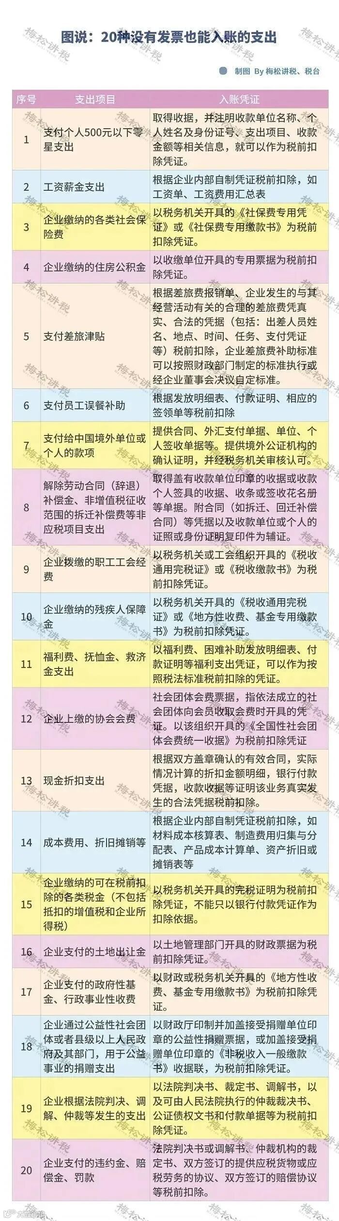 小编整理了20种没有发票也可以入账的情形,供大家参考:
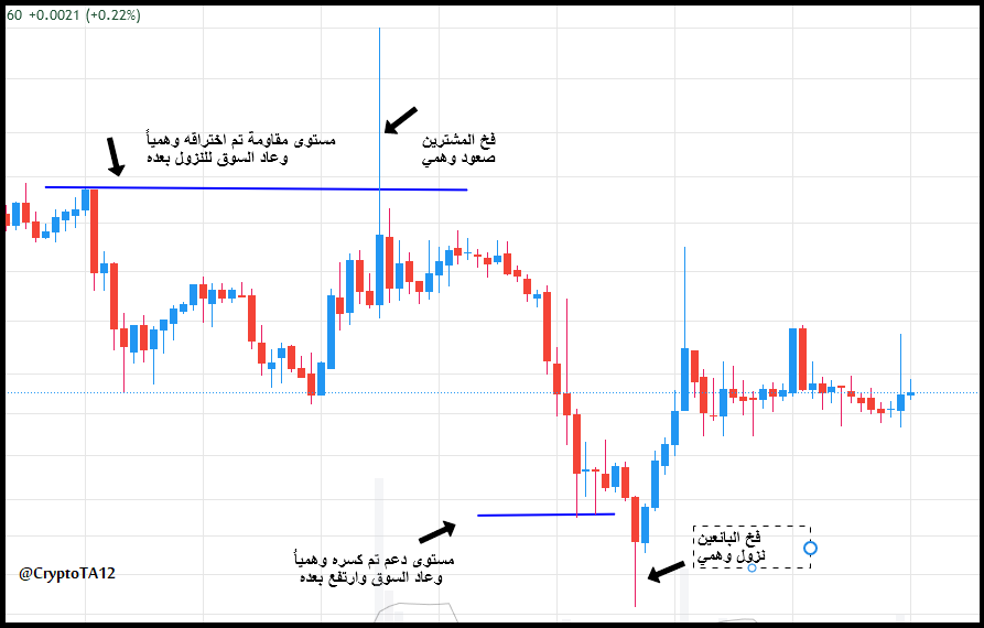 ويحدث عن حصول نزول خفيف قرب القمة فيقوم الصناع بأختراق مستوى المقاومة لموجة النزول و يوهمون المتداولين بأن السوق سيرتفع للأعلى
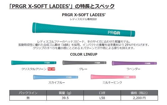「PRGR X-HOLD GRIP」は、「perfect pro」の独自素材「ABR」を採用し、ミスヒット時の余計な振動を吸収するとともに、快適な握り心地を実現。X状のグリップパターンがホールド感を高めるとともに、一般的なラバーグリップに比べ劣化しにくいのも特長です。ソフトなフィーリングとホールド感を両立する「RUBBER」としっかりした握り心地で操作性の高い「CORD」の2種類をラインアップし、アベレージゴルファーからハイレベルゴルファーまで幅広く対応します。「PRGR X-SOFT LADIES'」にも同じく「ABR」、X状のグリップパターンを採用したほか、女性ゴルファーが握りやすく振りやすいサイズ、質量に設計しています。
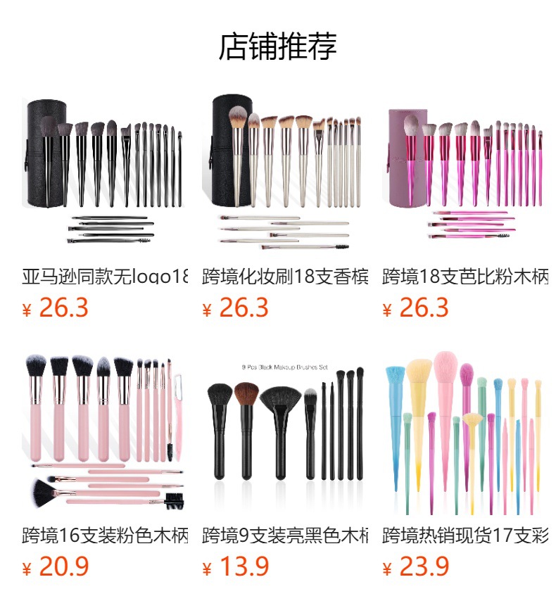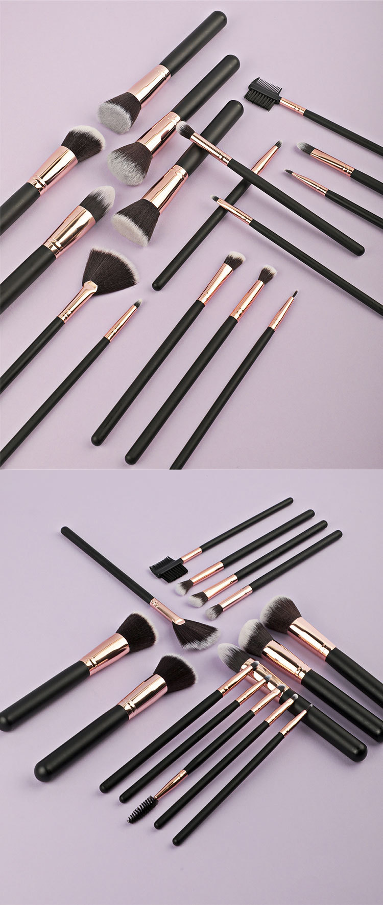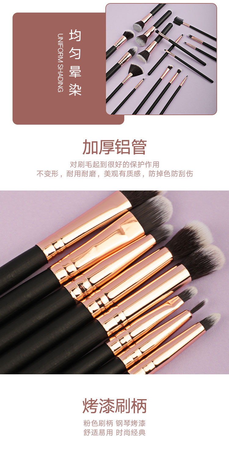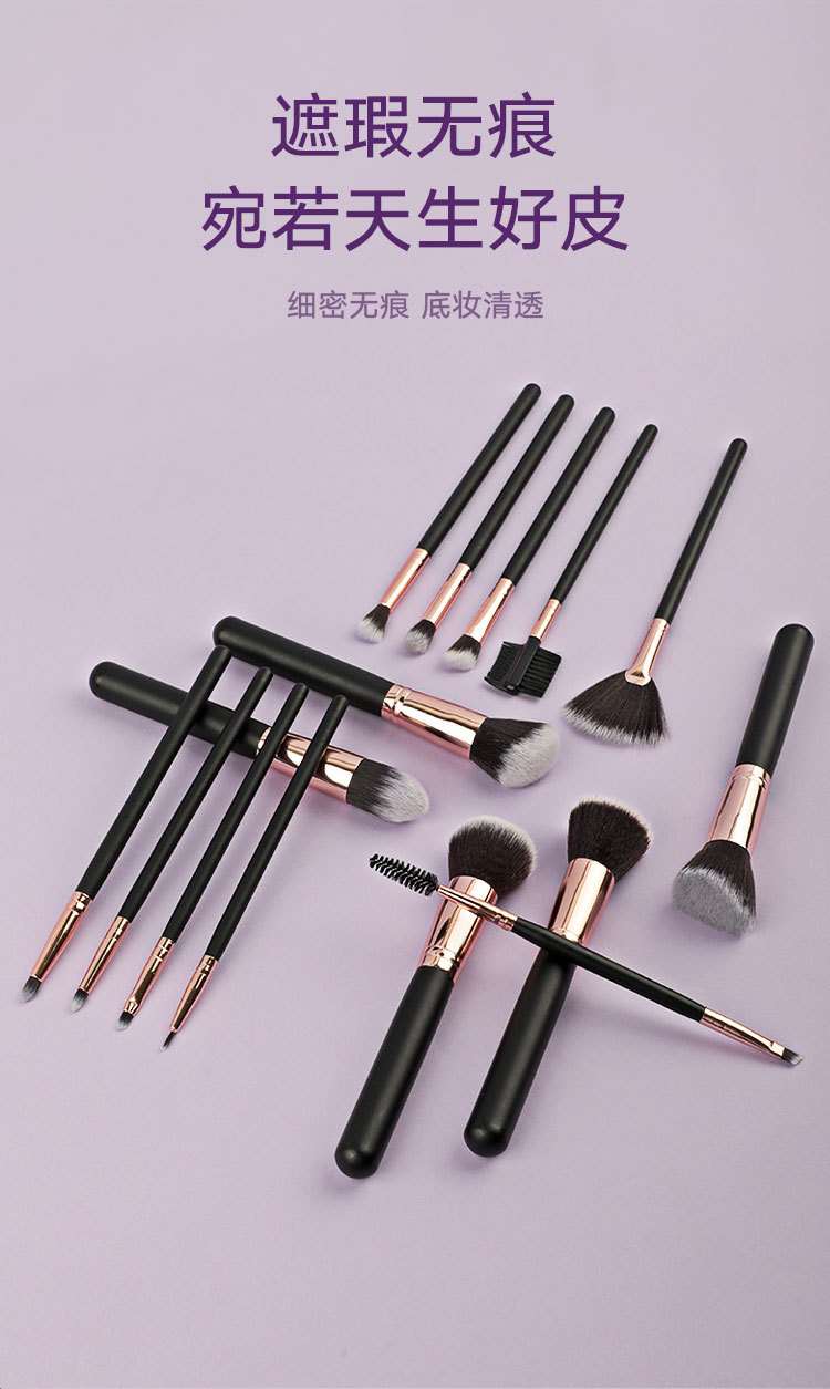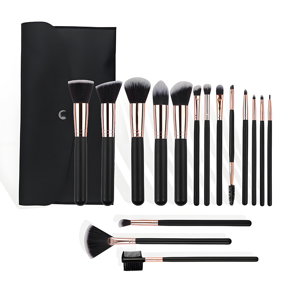 跨境亚马逊爆款16支化妆套刷全套黑色木柄柔软纤维毛专业彩妆刷子
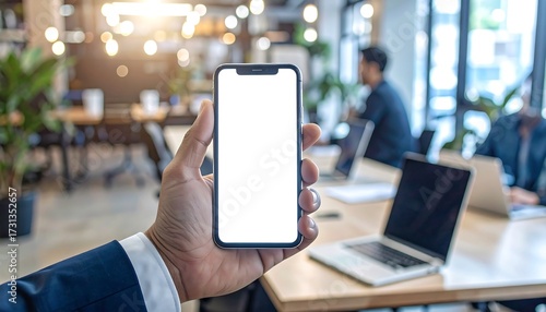 smartphone, office, business, technology, screen, hand, mobile, communication, device, work, corporate, modern, digital, cyberspace, display, electronic, connection, network, application, innovation, cellular, portable, wireless, contraption, closeup, person, male, employee, professional, workspace, desk, laptop, indoor, interior, blur, background, sharpened, presentation, template, advertisement, marketing, promotion, blank, white
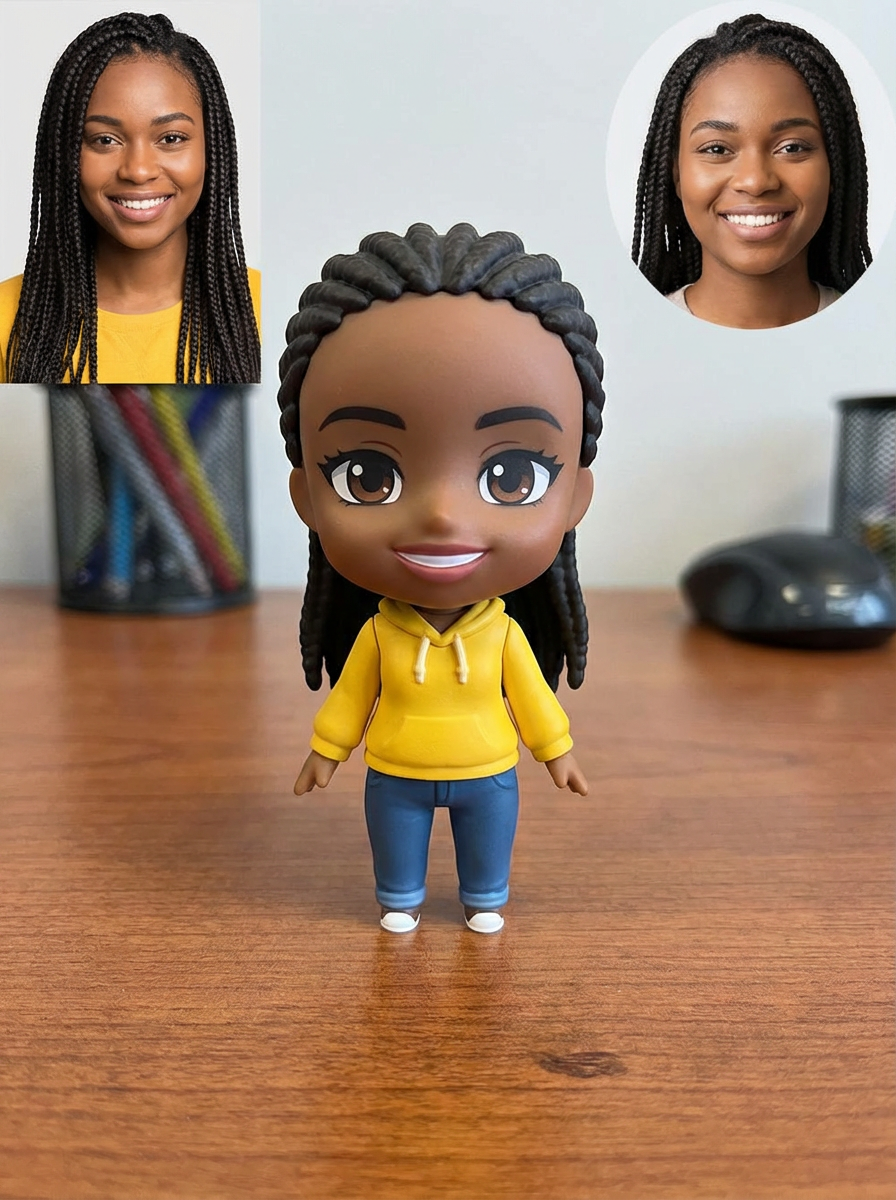 model as chibi character, super deformed cute style, oversized head, tiny body, adorable expression
***
**Activity**
Copy exactly, and copy only, the lines from the one bearing "跨境亚马逊爆款16支化妆套刷全套黑色木柄柔软纤维毛专业彩妆刷子" through the closing line of the material, with both ends kept and pictures removed.

**Response to the exercise**
 跨境亚马逊爆款16支化妆套刷全套黑色木柄柔软纤维毛专业彩妆刷子
 smartphone, office, business, technology, screen, hand, mobile, communication, device, work, corporate, modern, digital, cyberspace, display, electronic, connection, network, application, innovation, cellular, portable, wireless, contraption, closeup, person, male, employee, professional, workspace, desk, laptop, indoor, interior, blur, background, sharpened, presentation, template, advertisement, marketing, promotion, blank, white
 model as chibi character, super deformed cute style, oversized head, tiny body, adorable expression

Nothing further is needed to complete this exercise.